What prince would envy the fate of these conquerors ? Who would want these conquests on these conditions ? Some were quickly driven out ; the others made wastelands of them, and did the same to their own countries.

It is the fate of heroes to ruin themselves conquering countries that they suddenly lose, or subjugating nations they are themselves obliged to destroy, like that fool who wasted away buying statues which he cast into the sea, and mirrors which he immediately broke. [9]

Paris this 18th day of the moon of Rhamazan 1718

Notes

[1Edition D here adds the following paragraph : “The air becomes charged, like plants, with particles of the soil of every country. It so acts upon us that our temperament is fixed by it. When we are transported into another country, we become ill. Liquids being accustomed to a certain consistency, solids to a certain disposition, both to a certain degree of movement, can no longer tolerate others, and resist adjusting to new conditions.”

[2See letter 114.

[3The Jewish population of Palestine was destroyed in 135 C.E. following a revolt against the emperor Hadrian, who wanted to build a Roman colony in Jerusalem.

[4The author is perhaps referring to the Île de Bourbon [author’s note].

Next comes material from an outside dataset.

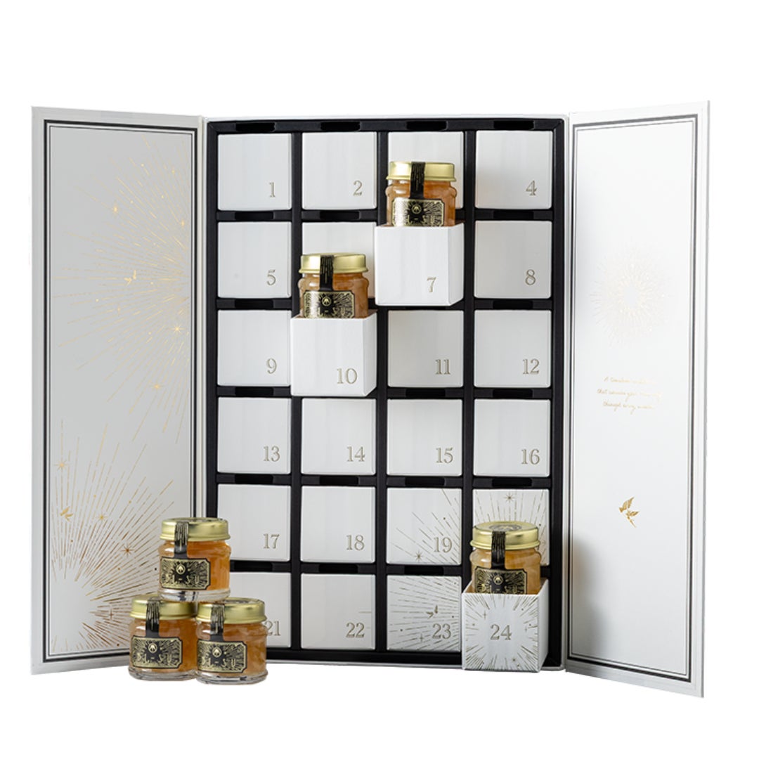 聖夜までの24日間、黄金の小瓶「BI-SU16」 を毎日ひとつずつ開ける楽しみを。希少なご褒美が、ホリデー当日の、自信に満ちた特別な輝きを育みます。

[5The anecdote is drawn from Étienne de Flacourt’s Histoire de la grande île de Madagascar (Paris : Pierre L’Amy, 1658), p. 258-259.

[6The source of the affirmation is not known.

[7The indigenous peoples in some places offered little resistance, notably the Astecs under Moctezuma : for an analysis of this wonderment and fear, see Tzvetan Todorov, “Moctezuma et les signes” in La Conquête de l’Amérique : la question de l’autre (Paris : Seuil, 1982, p. 68-103), and Les Morales de l’histoire (Paris, 1991, p. 88-98).

[8The Dutch took advantage of the annexation of Portugal by Philip II to take Portuguese colonies at the end of the sixteenth century.

[9This allusion has not been identified.